In this embodiment of the present application, the first angle calculation circuit 1211 sequentially solves the correspondence between each camera unit (ie, the three-dimensional camera) in the first original height map of the calibration plate in the three-dimensional point cloud image transmitted by the image acquisition device 110 . The plane coefficients in the block are used to obtain the roll angle θ and pitch angle γ of each camera unit relative to the calibration plate coordinate system.

S212. Correct the first original height map according to the roll angle and the pitch angle to obtain a first corrected height map.
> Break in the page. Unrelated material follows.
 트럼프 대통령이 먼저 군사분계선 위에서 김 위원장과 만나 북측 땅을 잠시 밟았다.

Specifically, the height image correction circuit 1212 corrects the first original height map according to the received roll angle and the pitch angle to obtain a first corrected height map, and converts the first corrected height map to the The roll angle and the pitch angle are transmitted to the first offset calculation circuit 1214 .
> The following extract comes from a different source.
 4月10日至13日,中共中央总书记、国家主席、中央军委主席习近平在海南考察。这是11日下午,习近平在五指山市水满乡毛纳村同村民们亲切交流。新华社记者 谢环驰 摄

S213. Calculate the offset of each camera unit relative to the first direction of the calibration plate coordinate system according to the first corrected height map.

Specifically, the first offset calculation circuit 1214 calculates the first offset of each camera unit relative to the calibration plate coordinate system according to the first corrected height map transmitted from the height image correction circuit 1212 direction offset, and transmit the first direction offset, the roll angle and the pitch angle to the measurement reference unification device 130 . In the embodiment of the present application, the first direction is the Z-axis direction.

S214. Correct the first corrected height map according to the offset in the first direction to obtain a second corrected height map.

Specifically, the first offset calculation circuit 1214 is further configured to correct the first corrected height map according to the offset in the first direction to obtain a second corrected height map.

S22. Calculate and obtain a second calibration parameter of the camera unit relative to the calibration plate coordinate system according to the three-dimensional point cloud image.

Specifically, the second calibration parameter acquisition chip 122 calculates and obtains the second calibration parameter of the camera unit relative to the calibration plate coordinate system according to the three-dimensional point cloud image transmitted by the image acquisition device 110 . Wherein, the second calibration parameter includes the yaw angle, the offset in the second direction and the offset in the third direction.

Specifically, in the embodiment of the present application, the first direction may be the Z-axis direction, the second direction may be the X-axis direction, and the third direction may be the Y-axis direction.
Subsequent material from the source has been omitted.